=== Begin Enclosure ===

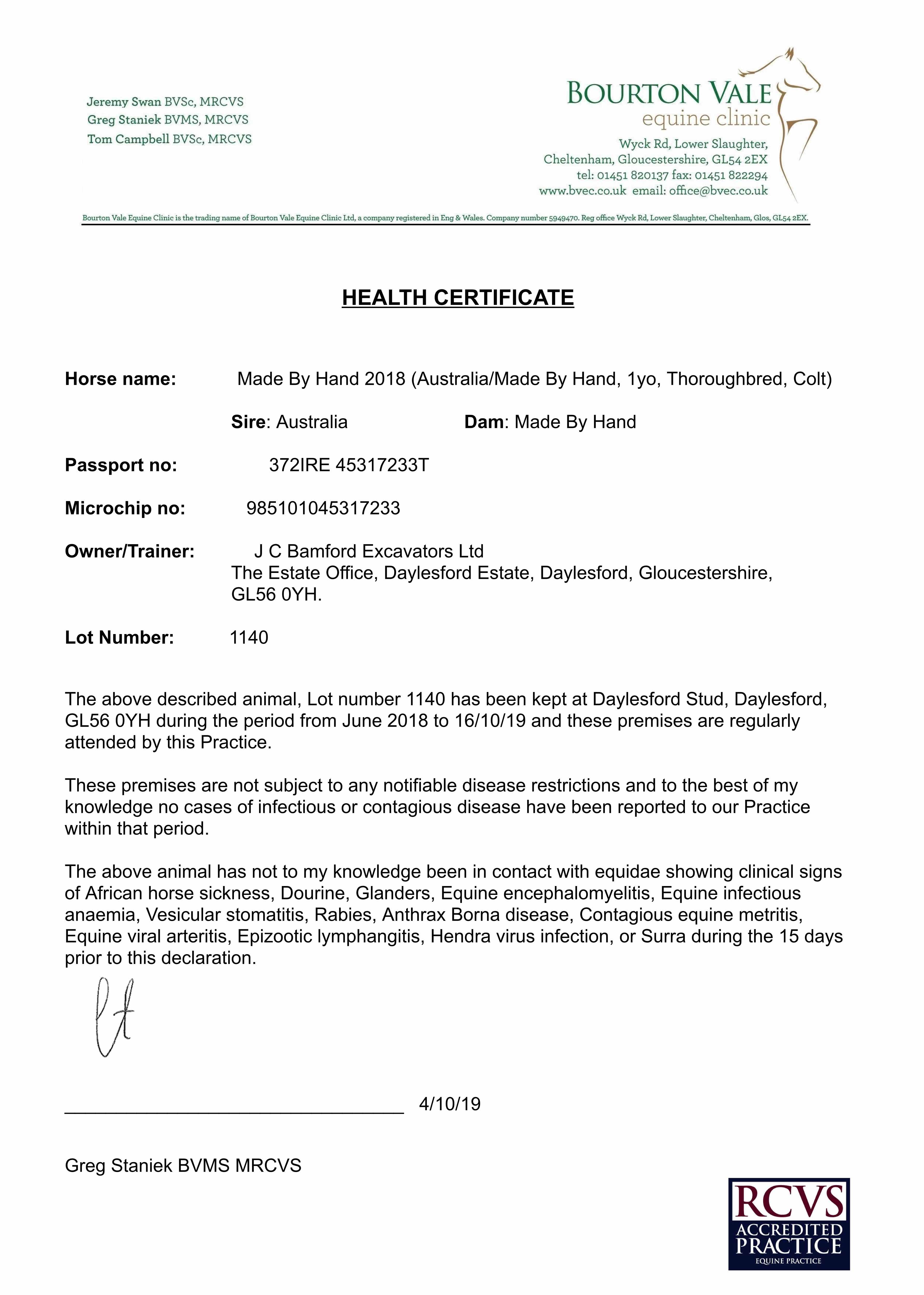 Consignor: Voute Sales Ltd. (Agent)
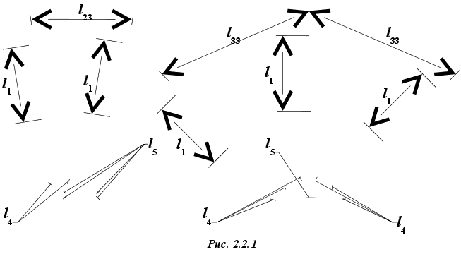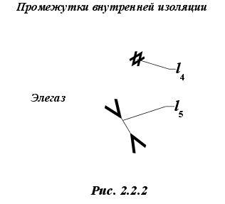 (кратчайшее расстояние от фазы до заземленного бака); l2 - промежуток вида «игла-игла», находящийся в атмосферном воздухе (кратчайшее расстояние между контактами одной фазы); l3 - промежуток вида «игла-игла», находящийся в атмосферном воздухе (кратчайшее расстояние между контактами двух фаз); l4 - промежуток вида «игла-плоскость», находящийся в элегазе (кратчайшее расстояние от экрана фазы до заземленного бака); l5 - промежуток вида «игла-плоскость», находящийся в элегазе (кратчайшее расстояние между подвижным контактом фазы и катушкой ДУ).
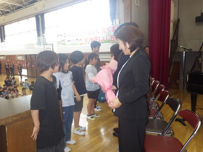 校長の話では、五代小の合言葉「かしこく・やさしく・たくましく・礼儀正しい五代の子」の確認をしました。
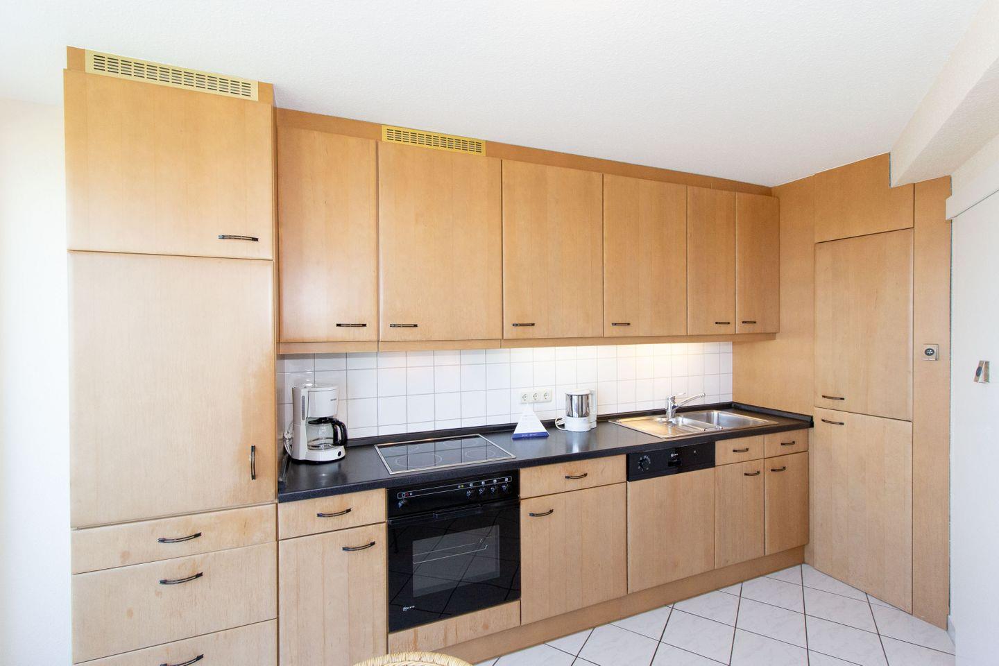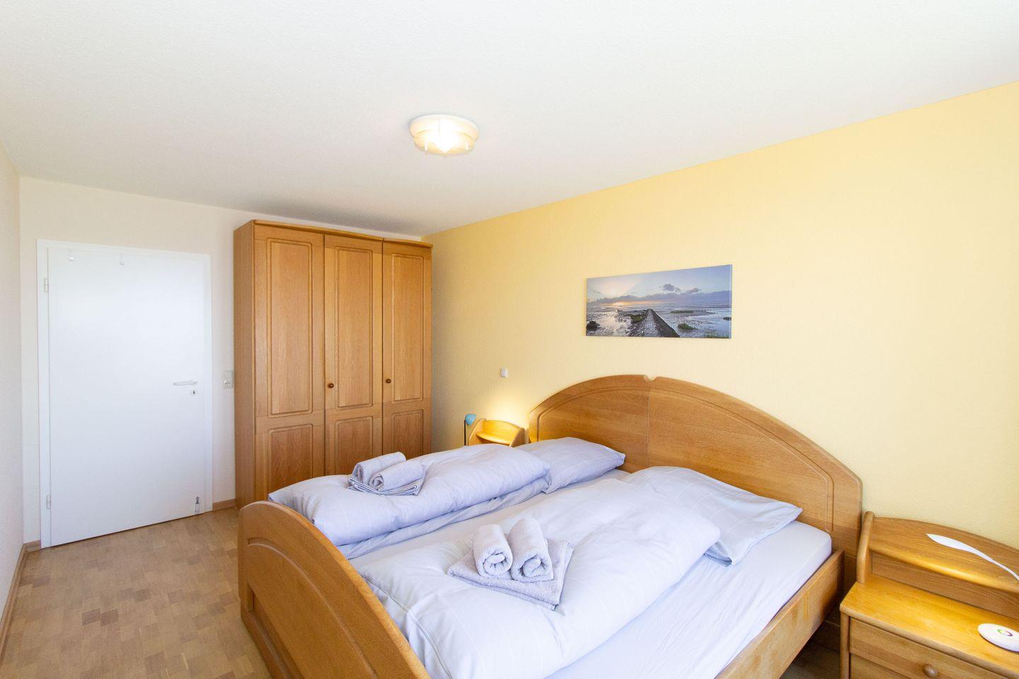 Haus "Seeterrassen", Typ B, Whg. Nr. 34, Eingang 38, bis 3 Personen, 3. Etage, ca. 76 m², direkte Seesicht auf den Weltschifffahrtsweg, Wohnbereich, erstes Schlafzimmer mit Doppelbett, zweites innenliegendes Schlafzimmer mit Einzelbett, Dusche/WC, sep. Küche mit Geschirrspüler, 4-Platten-Ceranfeld und Backofen, Kabel-TV, WLAN mit eigenem Router, Balkon, eigener Außenstellplatz, Haustiere sind nicht erlaubt, Nichtraucherwohnung.
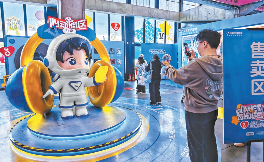 歌迷在THE BOX打卡“小北斗”雕塑。
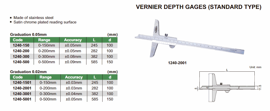 INSIZE 1240-200 Vernier Depth Gage (0~200mm; 0.05mm) | EMIN.COM.MM
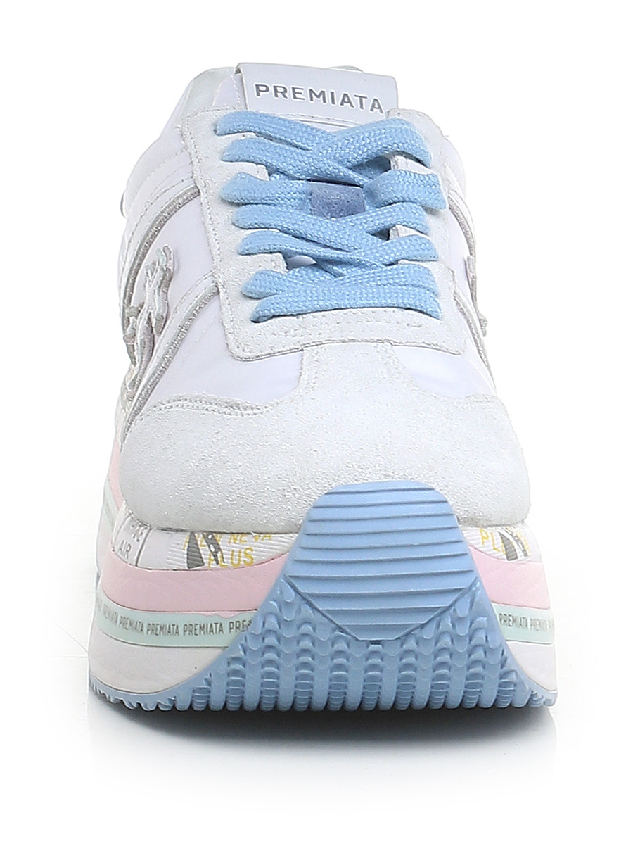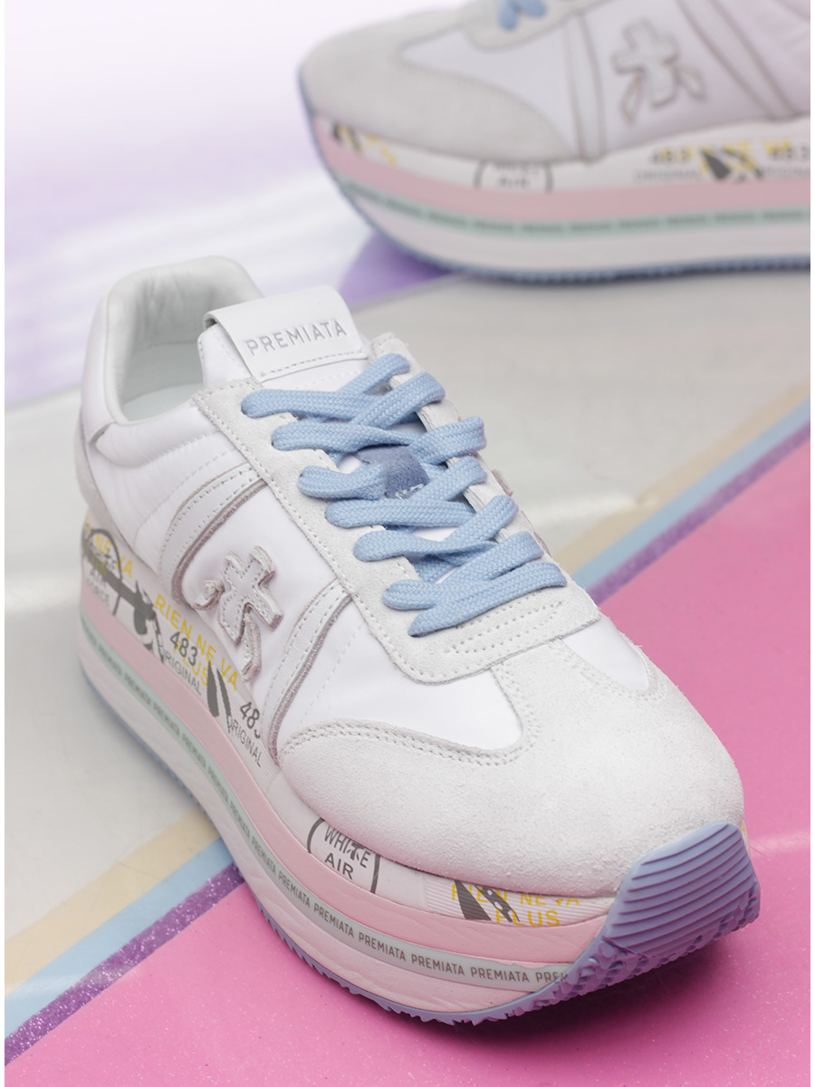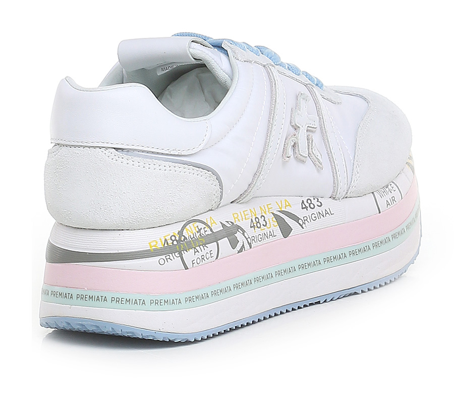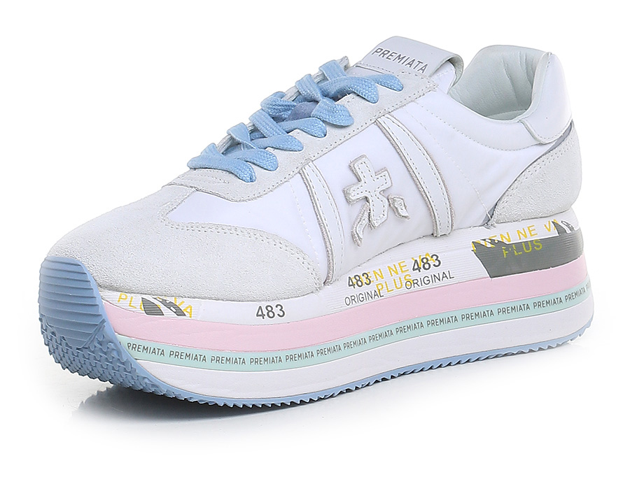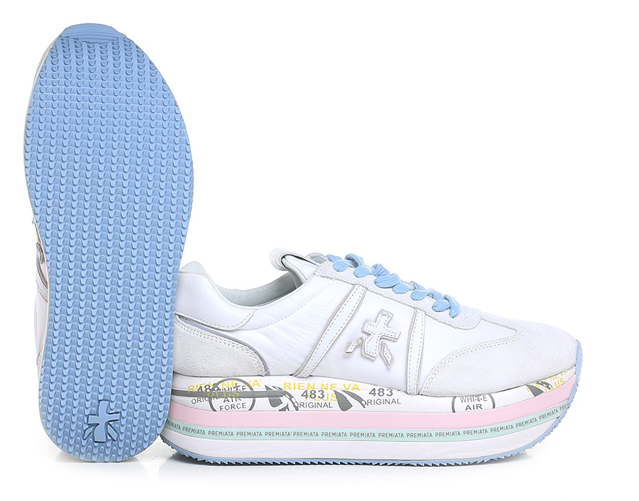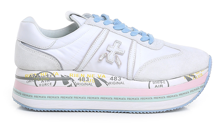 Premiata, marchio sinonimo di avanguardia e espressività, nasce con un solo obiettivo: essere il compagno di viaggio ideale di chi detesta i cliché e crede nella libertà. Le calzature Premiata, simbolo di creatività estrema, sono realizzate artigianalmente modellando la materia partendo dal bianco, che dona grande libertà di plasmare le forme. La scarpa Premiata, realizzata con grande abilità manuale e minuziosa cura dei dettagli, è caratterizzata da eleganza, comodità e da un design inconfondibile.
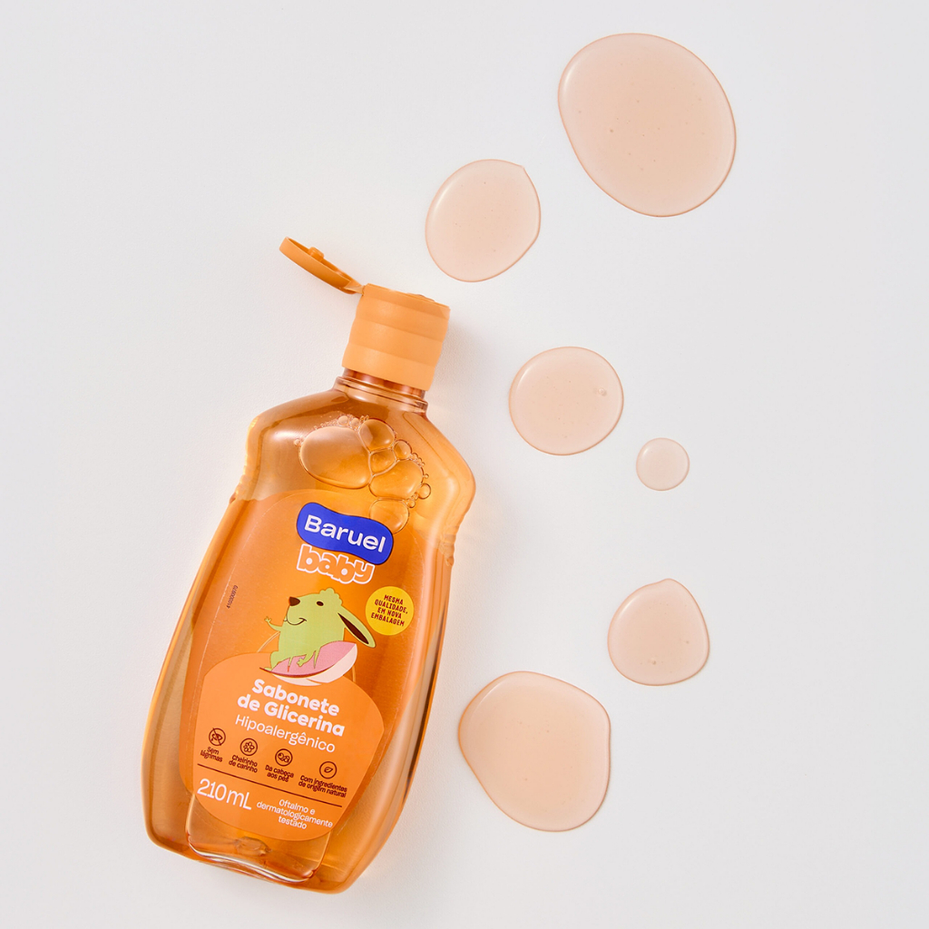 Sabonete Líquido Glicerina Baruel Baby 210ml Principais Características: • Fórmula enriquecida com glicerina, que proporciona hidratação profunda e mantém a pele do bebê macia e protegida. • Produto dermatologicamente testado, ideal para peles sensíveis e delicadas. • Textura suave e delicada que limpa sem agredir, respeitando o equilíbrio natural da pele. Benefícios: • Hidrata e protege a pele contra o ressecamento. • Limpeza eficaz e delicada para o uso diário. • Ajuda a manter a suavidade e o conforto da pele do bebê. Diferenciais do Produto: • Combinação de cuidado e proteção com ingredientes suaves, exclusiva para a pele delicada do bebê. • Produto com pH balanceado, respeitando o pH natural da pele. • Indicado para uso diário, garantindo frescor e bem-estar. Especificações Técnicas: • Peso: 210ml Instruções de Uso: • Aplique sobre a pele molhada do bebê. • Massageie suavemente até formar espuma. • Enxágue completamente. • Pode ser usado diariamente durante o banho. Avisos e Precauções: • Uso externo. • Evitar contato com os olhos; em caso de contato, enxaguar com água em abundância. • Em caso de irritação, suspender o uso e procurar orientação médica. • Manter fora do alcance de crianças. • Armazenar em local fresco e protegido da luz. O que está incluso? • 1 unidade de Sabonete Líquido Glicerina Baruel Baby 210ml ---- DÚVIDAS FREQUENTES ---- Os produtos são originais? Sim. Todos os nossos produtos são originais. Emitem nota fiscal? Sim. Emitimos nota fiscal para todos os pedidos.
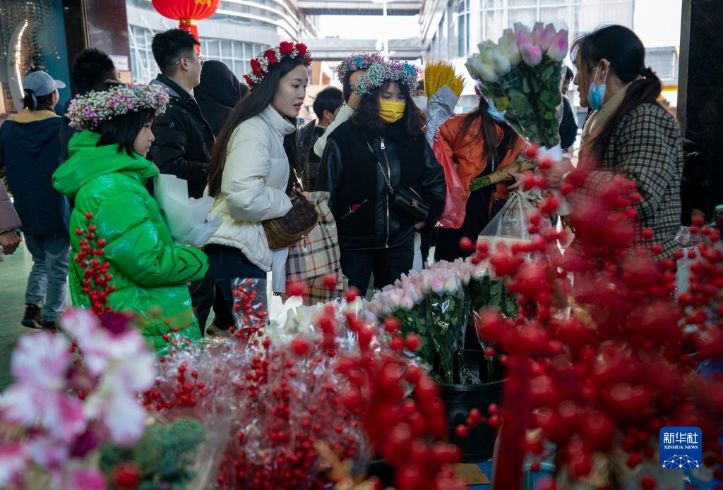 當日是大年初六,位于云南省昆明市的斗南花市內人頭攢動,人們逛花市、買鮮花,歡度假期。
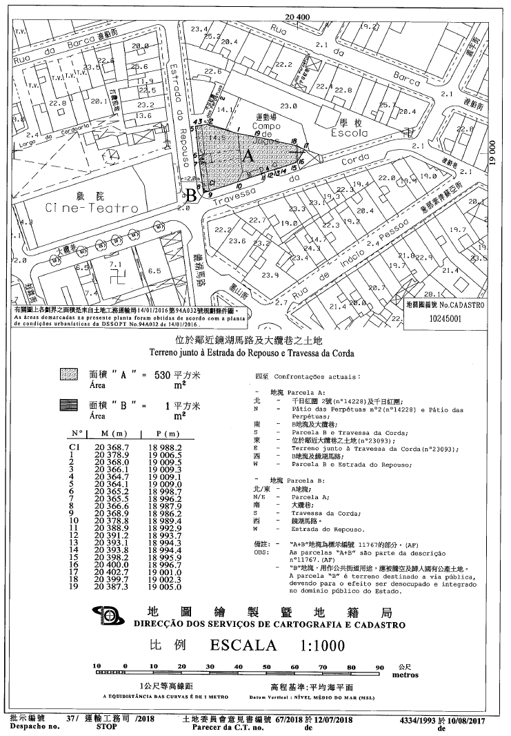 7. O terreno objecto do contrato, com a área de 531 m2, encontra-se demarcado e assinalado com as letras «A» e «B», respectivamente, com a área de 530 m2 e 1 m2, na planta cadastral n.º 4 334/1993, emitida pela Direcção dos Serviços de Cartografia e Cadastro, doravante designada por DSCC, 10 de Agosto de 2017.
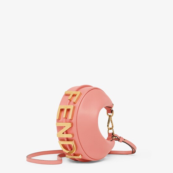 Mini hobo bag made of soft pink leather, embellished with vintage gold metal FENDI lettering.

=== End Enclosure ===

What is required
Pictures do not belong in the copy; repeat the rest of the listing exactly.

Result of this task
 Consignor: Voute Sales Ltd. (Agent)
 (кратчайшее расстояние от фазы до заземленного бака); l2 - промежуток вида «игла-игла», находящийся в атмосферном воздухе (кратчайшее расстояние между контактами одной фазы); l3 - промежуток вида «игла-игла», находящийся в атмосферном воздухе (кратчайшее расстояние между контактами двух фаз); l4 - промежуток вида «игла-плоскость», находящийся в элегазе (кратчайшее расстояние от экрана фазы до заземленного бака); l5 - промежуток вида «игла-плоскость», находящийся в элегазе (кратчайшее расстояние между подвижным контактом фазы и катушкой ДУ).
 校長の話では、五代小の合言葉「かしこく・やさしく・たくましく・礼儀正しい五代の子」の確認をしました。
 Haus "Seeterrassen", Typ B, Whg. Nr. 34, Eingang 38, bis 3 Personen, 3. Etage, ca. 76 m², direkte Seesicht auf den Weltschifffahrtsweg, Wohnbereich, erstes Schlafzimmer mit Doppelbett, zweites innenliegendes Schlafzimmer mit Einzelbett, Dusche/WC, sep. Küche mit Geschirrspüler, 4-Platten-Ceranfeld und Backofen, Kabel-TV, WLAN mit eigenem Router, Balkon, eigener Außenstellplatz, Haustiere sind nicht erlaubt, Nichtraucherwohnung.
 歌迷在THE BOX打卡“小北斗”雕塑。
 INSIZE 1240-200 Vernier Depth Gage (0~200mm; 0.05mm) | EMIN.COM.MM
 Premiata, marchio sinonimo di avanguardia e espressività, nasce con un solo obiettivo: essere il compagno di viaggio ideale di chi detesta i cliché e crede nella libertà. Le calzature Premiata, simbolo di creatività estrema, sono realizzate artigianalmente modellando la materia partendo dal bianco, che dona grande libertà di plasmare le forme. La scarpa Premiata, realizzata con grande abilità manuale e minuziosa cura dei dettagli, è caratterizzata da eleganza, comodità e da un design inconfondibile.
 Sabonete Líquido Glicerina Baruel Baby 210ml Principais Características: • Fórmula enriquecida com glicerina, que proporciona hidratação profunda e mantém a pele do bebê macia e protegida. • Produto dermatologicamente testado, ideal para peles sensíveis e delicadas. • Textura suave e delicada que limpa sem agredir, respeitando o equilíbrio natural da pele. Benefícios: • Hidrata e protege a pele contra o ressecamento. • Limpeza eficaz e delicada para o uso diário. • Ajuda a manter a suavidade e o conforto da pele do bebê. Diferenciais do Produto: • Combinação de cuidado e proteção com ingredientes suaves, exclusiva para a pele delicada do bebê. • Produto com pH balanceado, respeitando o pH natural da pele. • Indicado para uso diário, garantindo frescor e bem-estar. Especificações Técnicas: • Peso: 210ml Instruções de Uso: • Aplique sobre a pele molhada do bebê. • Massageie suavemente até formar espuma. • Enxágue completamente. • Pode ser usado diariamente durante o banho. Avisos e Precauções: • Uso externo. • Evitar contato com os olhos; em caso de contato, enxaguar com água em abundância. • Em caso de irritação, suspender o uso e procurar orientação médica. • Manter fora do alcance de crianças. • Armazenar em local fresco e protegido da luz. O que está incluso? • 1 unidade de Sabonete Líquido Glicerina Baruel Baby 210ml ---- DÚVIDAS FREQUENTES ---- Os produtos são originais? Sim. Todos os nossos produtos são originais. Emitem nota fiscal? Sim. Emitimos nota fiscal para todos os pedidos.
 當日是大年初六,位于云南省昆明市的斗南花市內人頭攢動,人們逛花市、買鮮花,歡度假期。
 7. O terreno objecto do contrato, com a área de 531 m2, encontra-se demarcado e assinalado com as letras «A» e «B», respectivamente, com a área de 530 m2 e 1 m2, na planta cadastral n.º 4 334/1993, emitida pela Direcção dos Serviços de Cartografia e Cadastro, doravante designada por DSCC, 10 de Agosto de 2017.
 Mini hobo bag made of soft pink leather, embellished with vintage gold metal FENDI lettering.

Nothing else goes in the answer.